WBB ESSAYS

Real Females Unite

- by Justine

I’m a writer. I’ve been one ever since the eighth grade, when I wrote my first novel—a mystery that I’m sure I’d love to chuckle over if I was ever able to find it again. It wasn’t until my sophomore year that I revealed to my parents my true desires to someday become a published author. And then I wrote another book, which I ended up self-publishing a few months before I graduated from high school.

Once I got to college, my professional aspirations came screeching to a halt as. I relied on bulimia to distract myself from some intense fears of failure that had begun to develop at the back of my mind: it was my friend whenever I was stressed, or anxious, or just plain depressed because I didn’t seem to have it in me to write anymore.

After I stopped binging and purging, I thought everything was fine. I was “recovered,” done with my eating disorder, and ready to move on. The problem was, I was now literally afraid to eat just about everything. To me, certain foods were off-limits. Some of them, I thought, could trigger my bulimia again. Others were just “bad.”  I didn’t think I should be eating them.
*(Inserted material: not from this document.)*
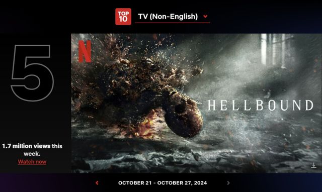 30일 넷플릭스 글로벌 톱10에 따르면 ‘지옥’ 시즌2(이하 ‘지옥2’)는 지난 21일부터 27일까지 170만뷰, 830만 시청시간을 기록하며 TV 비영어권 부문 5위에 랭크됐다.

As the months passed, I became ashamed at the way people from my tiny town now seemed to stare at me whenever I came home to visit. I was ashamed of myself, and ashamed of my past. It wasn’t until I began to think about writing a body image book for girls like myself that I began attempting to conquer my fears.

Today, I’ve had to step completely out of my “comfort zone.” I’ve had to tell all sorts of people about my eating disorder—something I never, ever planned on doing. But I know that I’m going to have to be perfectly honest about my problems if I’m ever going to succeed in helping others to open up about their own, and be able to move on with their lives.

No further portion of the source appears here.